A novel competitive immunosensor for the sensitive and selective detection of MC-LR was developed. Magnetic graphene was synthesized, characterized and used as the substrate to immobilize antigens onto the electrode surface due to its surface area and easy separation. Furthermore, gold nanorods were modified with polydopamine and then functionalized with a secondary-antibody and circularization DNA template. By using rolling circle amplification, the DNA template can be replicated to generate extensive repeated DNA sequences, and then hybridized with the detection probe, and thus the signal was remarkably improved. Under the optimal conditions, the proposed immunosensor showed a good linear relationship between the current response and the concentration of MC-LR in the range of 0.01–50 μg L−1 with a detection limit of 0.007 μg L−1. The immunosensor was proved to be specific, reproducible and stable. Most importantly, the proposed biosensor was applied to detect MC-LR in a real water sample with good recovery, indicating its potential application in environmental monitoring.

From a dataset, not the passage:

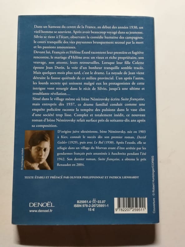 Texte établi et préfacé par Olivier Philipponnat et Patrick Lienhardt. Un roman posthume retrouvé en 2005, soixante ans après son écriture, dans les archives de la famille. ˮSitué dans le village même où Irène Némirovsky écrira Suite française, mais entrepris dès 1937, ce drame familial conduit comme une enquête policière raconte la tempête des pulsions dans le vase clos d'une société trop lisse. Complet et totalement inédit, ce nouveau roman d'Irène Némirovsky refait surface près de soixante-dix ans après sa composition.ˮ
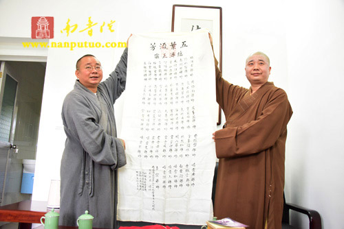 2016年6月12日上午,正值闽南佛学院第八届研究生毕业论文答辩之际,原妙湛和尚衣钵、终南山净业寺住持本如法师积极响应支持南普陀寺、闽南佛学院“妙湛和尚纪念堂”的筹建工作,专程恭送妙湛和尚的祖衣、法卷、十世班禅大师送给妙老的哈达等妙老的法物回南普陀寺。则悟方丈携后堂净心法师,副寺弘来法师、界淞法师,衣钵兼知客法旺法师等在慈善会三楼会议室恭迎妙老法物。

A dual-signal readout enzyme-free immunosensor based on hybridization chain reaction-assisted formation of copper nanoparticles for the detection of microcystin-LR

Enzyme-based electrochemical biosensors are widely used in immunoassays, but the intrinsic disadvantages of enzymes including instability or sensitivity to temperature and pH should be considered. Herein, an enzyme-free and dual-signal readout immunoassay was established to detect microcystin-LR (MC-LR) sensitively and selectively. Firstly, the microplate was modified with gold nanoparticles-decorated-carbon nanotubes (AuNP-CNT) to immobilize sufficient antigens by the high surface area of CNT and high affinity of AuNP. Then, silver nanoparticles were decorated on gold nanorods to form corn-like AgNP/AuNR composite and then capture secondary antibody and initiator DNA strand. After hybridization chain reaction, long double helix DNA strands can be formed on AgNP/AuNR to germinate copper nanoparticles. A dual-signal readout from the current responses of both silver and copper ions was obtained by using differential pulse stripping voltammetry with the aid of acid-treatment. By using a competitive immunoreaction, MC-LR can be detected in a linear range from 0.005 μg/L to 20 μg/L with a lower detection limit of 2.8 ng/L. The reproducibility, stability and specificity were all acceptable, indicating its promising application in environment monitoring and sensitive electrochemical detection for other analytes.